Problem details:
Extract the whole listing as it stands. Do not include the pictures.

☆ ☆ ☆ ☆ ☆

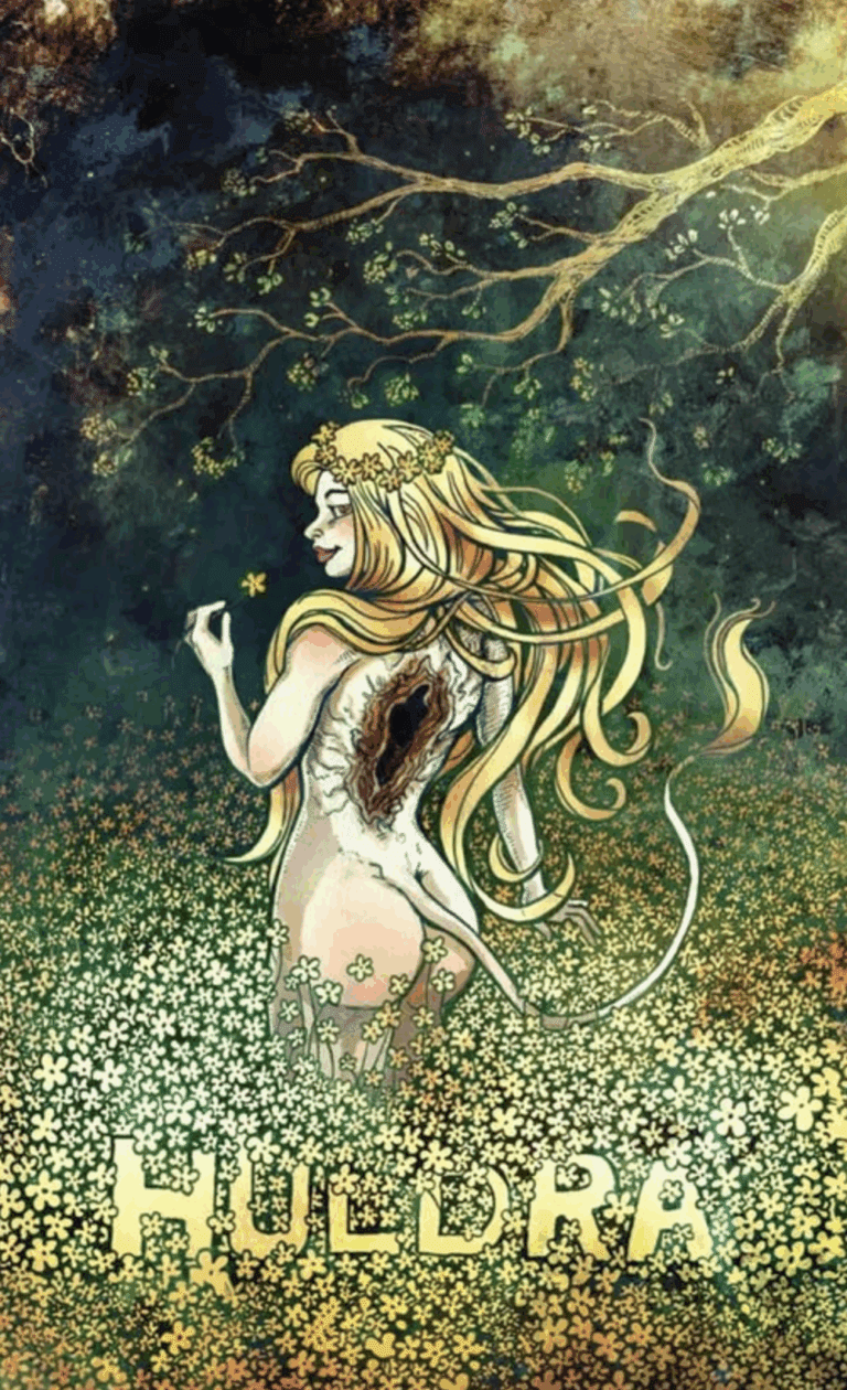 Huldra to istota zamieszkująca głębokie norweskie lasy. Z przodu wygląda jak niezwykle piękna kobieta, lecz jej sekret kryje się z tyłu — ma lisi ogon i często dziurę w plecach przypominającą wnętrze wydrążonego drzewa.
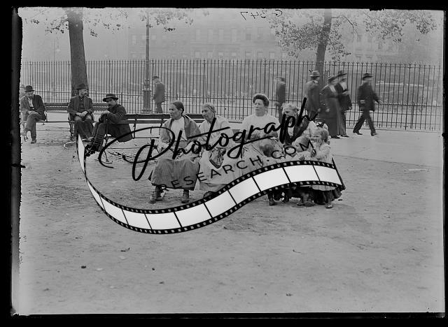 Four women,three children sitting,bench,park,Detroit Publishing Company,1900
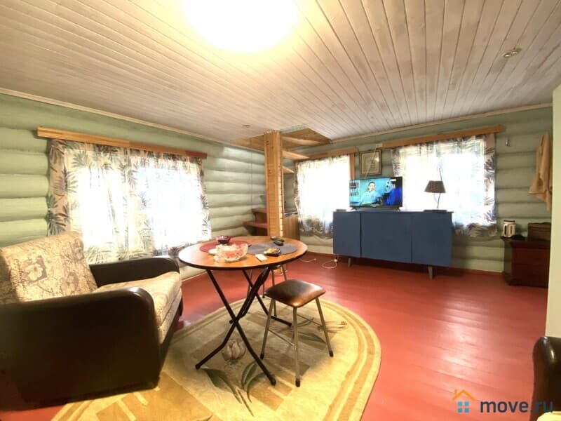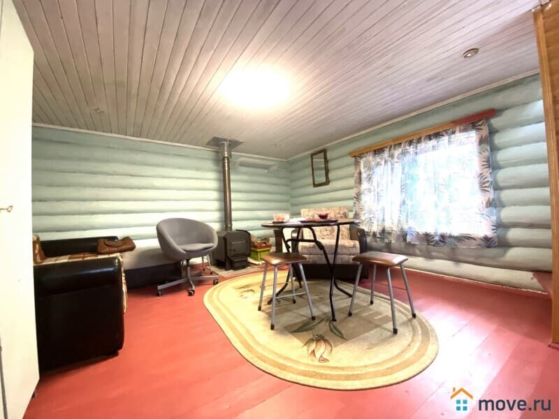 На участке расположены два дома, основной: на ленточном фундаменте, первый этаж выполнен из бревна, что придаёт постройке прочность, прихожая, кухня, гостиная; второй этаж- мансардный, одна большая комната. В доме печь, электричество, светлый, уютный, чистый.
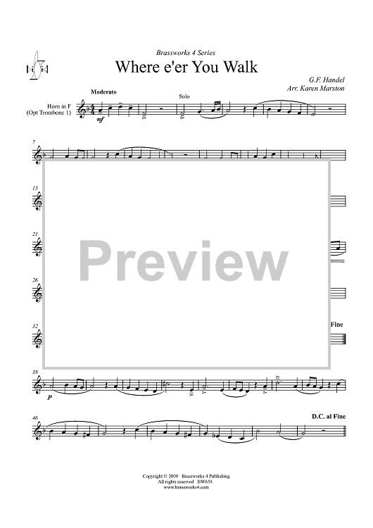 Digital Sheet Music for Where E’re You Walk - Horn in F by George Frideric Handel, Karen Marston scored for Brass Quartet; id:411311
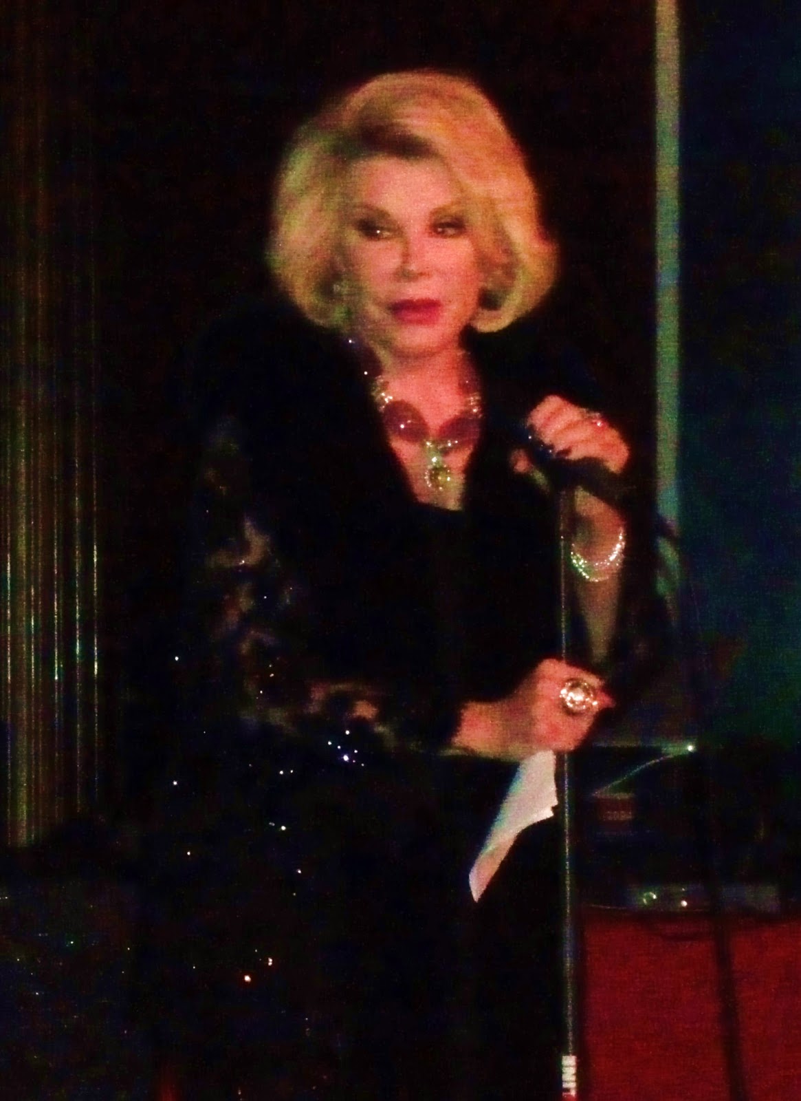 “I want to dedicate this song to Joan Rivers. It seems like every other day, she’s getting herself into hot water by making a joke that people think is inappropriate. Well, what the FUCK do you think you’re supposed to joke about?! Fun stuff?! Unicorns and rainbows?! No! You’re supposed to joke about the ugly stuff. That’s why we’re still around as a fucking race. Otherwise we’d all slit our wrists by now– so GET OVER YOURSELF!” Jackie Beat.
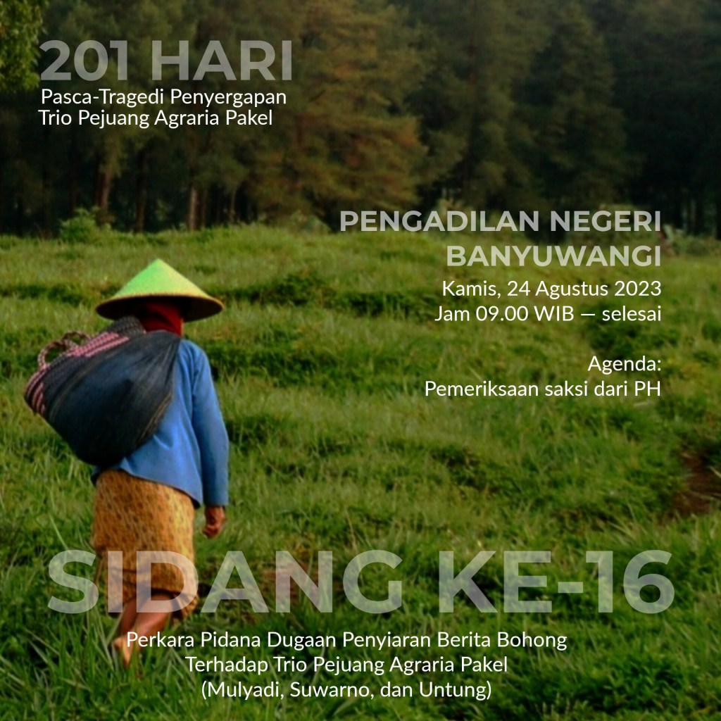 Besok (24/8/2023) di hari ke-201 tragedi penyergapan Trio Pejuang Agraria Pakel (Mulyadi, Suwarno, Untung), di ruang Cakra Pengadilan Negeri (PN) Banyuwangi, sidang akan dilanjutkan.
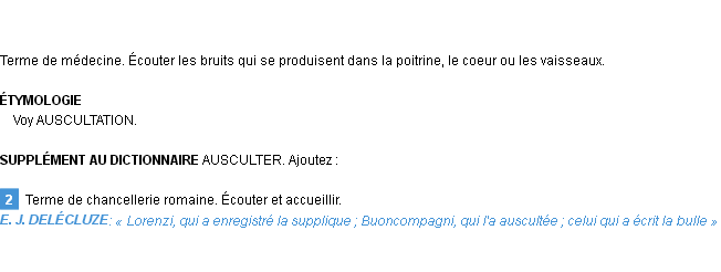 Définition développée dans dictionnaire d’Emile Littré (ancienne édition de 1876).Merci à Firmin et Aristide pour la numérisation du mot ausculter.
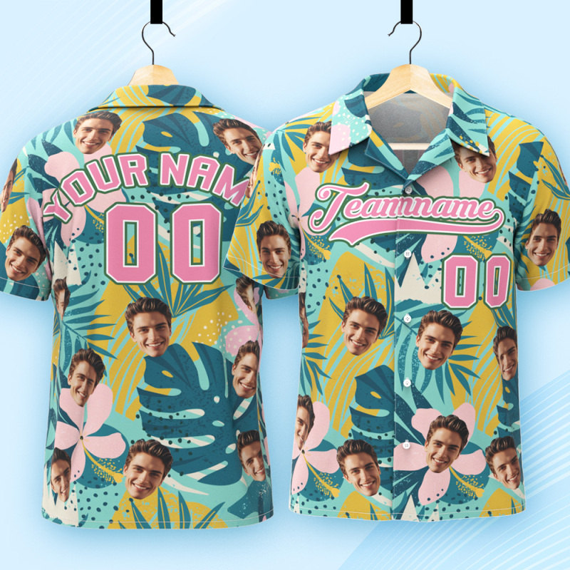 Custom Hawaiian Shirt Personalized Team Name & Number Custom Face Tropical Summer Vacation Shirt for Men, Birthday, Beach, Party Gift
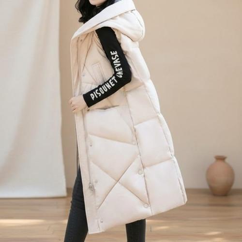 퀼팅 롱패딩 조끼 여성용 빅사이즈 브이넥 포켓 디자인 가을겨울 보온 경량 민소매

☆ ☆ ☆ ☆ ☆

Exercise response:
 Huldra to istota zamieszkująca głębokie norweskie lasy. Z przodu wygląda jak niezwykle piękna kobieta, lecz jej sekret kryje się z tyłu — ma lisi ogon i często dziurę w plecach przypominającą wnętrze wydrążonego drzewa.
 Four women,three children sitting,bench,park,Detroit Publishing Company,1900
 На участке расположены два дома, основной: на ленточном фундаменте, первый этаж выполнен из бревна, что придаёт постройке прочность, прихожая, кухня, гостиная; второй этаж- мансардный, одна большая комната. В доме печь, электричество, светлый, уютный, чистый.
 Digital Sheet Music for Where E’re You Walk - Horn in F by George Frideric Handel, Karen Marston scored for Brass Quartet; id:411311
 “I want to dedicate this song to Joan Rivers. It seems like every other day, she’s getting herself into hot water by making a joke that people think is inappropriate. Well, what the FUCK do you think you’re supposed to joke about?! Fun stuff?! Unicorns and rainbows?! No! You’re supposed to joke about the ugly stuff. That’s why we’re still around as a fucking race. Otherwise we’d all slit our wrists by now– so GET OVER YOURSELF!” Jackie Beat.
 Besok (24/8/2023) di hari ke-201 tragedi penyergapan Trio Pejuang Agraria Pakel (Mulyadi, Suwarno, Untung), di ruang Cakra Pengadilan Negeri (PN) Banyuwangi, sidang akan dilanjutkan.
 Définition développée dans dictionnaire d’Emile Littré (ancienne édition de 1876).Merci à Firmin et Aristide pour la numérisation du mot ausculter.
 Custom Hawaiian Shirt Personalized Team Name & Number Custom Face Tropical Summer Vacation Shirt for Men, Birthday, Beach, Party Gift
 퀼팅 롱패딩 조끼 여성용 빅사이즈 브이넥 포켓 디자인 가을겨울 보온 경량 민소매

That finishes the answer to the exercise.